Source records:

__________

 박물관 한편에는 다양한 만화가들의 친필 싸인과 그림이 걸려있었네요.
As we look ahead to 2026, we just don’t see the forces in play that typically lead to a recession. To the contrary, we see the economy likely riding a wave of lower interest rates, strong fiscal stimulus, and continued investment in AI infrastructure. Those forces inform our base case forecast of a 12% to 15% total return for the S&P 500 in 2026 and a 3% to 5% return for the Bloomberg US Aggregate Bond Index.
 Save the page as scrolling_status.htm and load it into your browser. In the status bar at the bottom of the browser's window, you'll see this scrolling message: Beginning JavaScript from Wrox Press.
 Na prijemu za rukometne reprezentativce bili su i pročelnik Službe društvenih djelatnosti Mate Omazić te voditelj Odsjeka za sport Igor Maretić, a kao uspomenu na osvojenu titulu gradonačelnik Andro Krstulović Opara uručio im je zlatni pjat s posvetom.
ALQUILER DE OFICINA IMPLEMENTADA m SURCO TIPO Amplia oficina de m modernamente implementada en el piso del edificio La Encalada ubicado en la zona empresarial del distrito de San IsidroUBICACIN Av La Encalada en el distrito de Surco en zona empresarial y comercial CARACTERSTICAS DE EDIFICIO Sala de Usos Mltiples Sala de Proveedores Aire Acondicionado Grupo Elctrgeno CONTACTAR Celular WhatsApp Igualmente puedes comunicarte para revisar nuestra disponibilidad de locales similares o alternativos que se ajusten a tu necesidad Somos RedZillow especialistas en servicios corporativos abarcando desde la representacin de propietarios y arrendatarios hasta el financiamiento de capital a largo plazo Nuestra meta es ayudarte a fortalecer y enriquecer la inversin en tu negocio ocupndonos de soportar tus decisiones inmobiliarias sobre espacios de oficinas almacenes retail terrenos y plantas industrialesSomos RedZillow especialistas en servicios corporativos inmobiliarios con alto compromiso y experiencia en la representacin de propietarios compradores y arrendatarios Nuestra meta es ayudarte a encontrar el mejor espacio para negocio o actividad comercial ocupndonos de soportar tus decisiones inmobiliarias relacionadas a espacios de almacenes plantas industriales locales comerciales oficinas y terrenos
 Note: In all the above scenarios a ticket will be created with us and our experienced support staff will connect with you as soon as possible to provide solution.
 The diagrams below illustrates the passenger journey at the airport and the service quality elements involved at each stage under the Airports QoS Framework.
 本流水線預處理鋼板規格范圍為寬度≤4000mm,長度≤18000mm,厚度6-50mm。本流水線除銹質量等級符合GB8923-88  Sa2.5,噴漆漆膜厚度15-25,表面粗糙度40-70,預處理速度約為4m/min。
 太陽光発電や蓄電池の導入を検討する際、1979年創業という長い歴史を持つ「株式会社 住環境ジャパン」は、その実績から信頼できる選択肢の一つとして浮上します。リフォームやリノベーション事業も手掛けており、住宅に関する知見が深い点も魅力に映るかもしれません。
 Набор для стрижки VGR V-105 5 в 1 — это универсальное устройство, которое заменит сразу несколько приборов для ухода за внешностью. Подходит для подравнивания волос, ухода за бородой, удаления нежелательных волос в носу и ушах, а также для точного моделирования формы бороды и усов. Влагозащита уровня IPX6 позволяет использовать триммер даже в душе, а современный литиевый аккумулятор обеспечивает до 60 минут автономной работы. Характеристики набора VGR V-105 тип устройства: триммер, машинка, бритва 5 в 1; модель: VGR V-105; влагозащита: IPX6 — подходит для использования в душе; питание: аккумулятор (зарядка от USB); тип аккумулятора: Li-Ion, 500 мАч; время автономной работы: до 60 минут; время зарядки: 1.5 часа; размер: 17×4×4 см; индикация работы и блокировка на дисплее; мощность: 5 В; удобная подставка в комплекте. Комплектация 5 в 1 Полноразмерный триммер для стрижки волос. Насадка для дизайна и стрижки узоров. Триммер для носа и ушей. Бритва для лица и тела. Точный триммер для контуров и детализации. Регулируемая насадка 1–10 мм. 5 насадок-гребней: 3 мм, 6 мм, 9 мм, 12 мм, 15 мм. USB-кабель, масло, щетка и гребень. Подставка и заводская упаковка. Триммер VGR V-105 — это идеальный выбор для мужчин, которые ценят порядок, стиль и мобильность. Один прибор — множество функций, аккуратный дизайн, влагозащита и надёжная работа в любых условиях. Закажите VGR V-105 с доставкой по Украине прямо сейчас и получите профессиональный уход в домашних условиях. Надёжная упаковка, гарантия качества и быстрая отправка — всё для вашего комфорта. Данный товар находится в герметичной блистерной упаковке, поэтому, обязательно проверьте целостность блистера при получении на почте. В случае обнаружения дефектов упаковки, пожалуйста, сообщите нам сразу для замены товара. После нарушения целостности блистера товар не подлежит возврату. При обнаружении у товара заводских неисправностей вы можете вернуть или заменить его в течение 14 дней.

__________

What you will do: What is needed is a verbatim copy of the data, complete from first line to last.

Task answer:
 박물관 한편에는 다양한 만화가들의 친필 싸인과 그림이 걸려있었네요.
As we look ahead to 2026, we just don’t see the forces in play that typically lead to a recession. To the contrary, we see the economy likely riding a wave of lower interest rates, strong fiscal stimulus, and continued investment in AI infrastructure. Those forces inform our base case forecast of a 12% to 15% total return for the S&P 500 in 2026 and a 3% to 5% return for the Bloomberg US Aggregate Bond Index.
 Save the page as scrolling_status.htm and load it into your browser. In the status bar at the bottom of the browser's window, you'll see this scrolling message: Beginning JavaScript from Wrox Press.
 Na prijemu za rukometne reprezentativce bili su i pročelnik Službe društvenih djelatnosti Mate Omazić te voditelj Odsjeka za sport Igor Maretić, a kao uspomenu na osvojenu titulu gradonačelnik Andro Krstulović Opara uručio im je zlatni pjat s posvetom.
ALQUILER DE OFICINA IMPLEMENTADA m SURCO TIPO Amplia oficina de m modernamente implementada en el piso del edificio La Encalada ubicado en la zona empresarial del distrito de San IsidroUBICACIN Av La Encalada en el distrito de Surco en zona empresarial y comercial CARACTERSTICAS DE EDIFICIO Sala de Usos Mltiples Sala de Proveedores Aire Acondicionado Grupo Elctrgeno CONTACTAR Celular WhatsApp Igualmente puedes comunicarte para revisar nuestra disponibilidad de locales similares o alternativos que se ajusten a tu necesidad Somos RedZillow especialistas en servicios corporativos abarcando desde la representacin de propietarios y arrendatarios hasta el financiamiento de capital a largo plazo Nuestra meta es ayudarte a fortalecer y enriquecer la inversin en tu negocio ocupndonos de soportar tus decisiones inmobiliarias sobre espacios de oficinas almacenes retail terrenos y plantas industrialesSomos RedZillow especialistas en servicios corporativos inmobiliarios con alto compromiso y experiencia en la representacin de propietarios compradores y arrendatarios Nuestra meta es ayudarte a encontrar el mejor espacio para negocio o actividad comercial ocupndonos de soportar tus decisiones inmobiliarias relacionadas a espacios de almacenes plantas industriales locales comerciales oficinas y terrenos
 Note: In all the above scenarios a ticket will be created with us and our experienced support staff will connect with you as soon as possible to provide solution.
 The diagrams below illustrates the passenger journey at the airport and the service quality elements involved at each stage under the Airports QoS Framework.
 本流水線預處理鋼板規格范圍為寬度≤4000mm,長度≤18000mm,厚度6-50mm。本流水線除銹質量等級符合GB8923-88  Sa2.5,噴漆漆膜厚度15-25,表面粗糙度40-70,預處理速度約為4m/min。
 太陽光発電や蓄電池の導入を検討する際、1979年創業という長い歴史を持つ「株式会社 住環境ジャパン」は、その実績から信頼できる選択肢の一つとして浮上します。リフォームやリノベーション事業も手掛けており、住宅に関する知見が深い点も魅力に映るかもしれません。
 Набор для стрижки VGR V-105 5 в 1 — это универсальное устройство, которое заменит сразу несколько приборов для ухода за внешностью. Подходит для подравнивания волос, ухода за бородой, удаления нежелательных волос в носу и ушах, а также для точного моделирования формы бороды и усов. Влагозащита уровня IPX6 позволяет использовать триммер даже в душе, а современный литиевый аккумулятор обеспечивает до 60 минут автономной работы. Характеристики набора VGR V-105 тип устройства: триммер, машинка, бритва 5 в 1; модель: VGR V-105; влагозащита: IPX6 — подходит для использования в душе; питание: аккумулятор (зарядка от USB); тип аккумулятора: Li-Ion, 500 мАч; время автономной работы: до 60 минут; время зарядки: 1.5 часа; размер: 17×4×4 см; индикация работы и блокировка на дисплее; мощность: 5 В; удобная подставка в комплекте. Комплектация 5 в 1 Полноразмерный триммер для стрижки волос. Насадка для дизайна и стрижки узоров. Триммер для носа и ушей. Бритва для лица и тела. Точный триммер для контуров и детализации. Регулируемая насадка 1–10 мм. 5 насадок-гребней: 3 мм, 6 мм, 9 мм, 12 мм, 15 мм. USB-кабель, масло, щетка и гребень. Подставка и заводская упаковка. Триммер VGR V-105 — это идеальный выбор для мужчин, которые ценят порядок, стиль и мобильность. Один прибор — множество функций, аккуратный дизайн, влагозащита и надёжная работа в любых условиях. Закажите VGR V-105 с доставкой по Украине прямо сейчас и получите профессиональный уход в домашних условиях. Надёжная упаковка, гарантия качества и быстрая отправка — всё для вашего комфорта. Данный товар находится в герметичной блистерной упаковке, поэтому, обязательно проверьте целостность блистера при получении на почте. В случае обнаружения дефектов упаковки, пожалуйста, сообщите нам сразу для замены товара. После нарушения целостности блистера товар не подлежит возврату. При обнаружении у товара заводских неисправностей вы можете вернуть или заменить его в течение 14 дней.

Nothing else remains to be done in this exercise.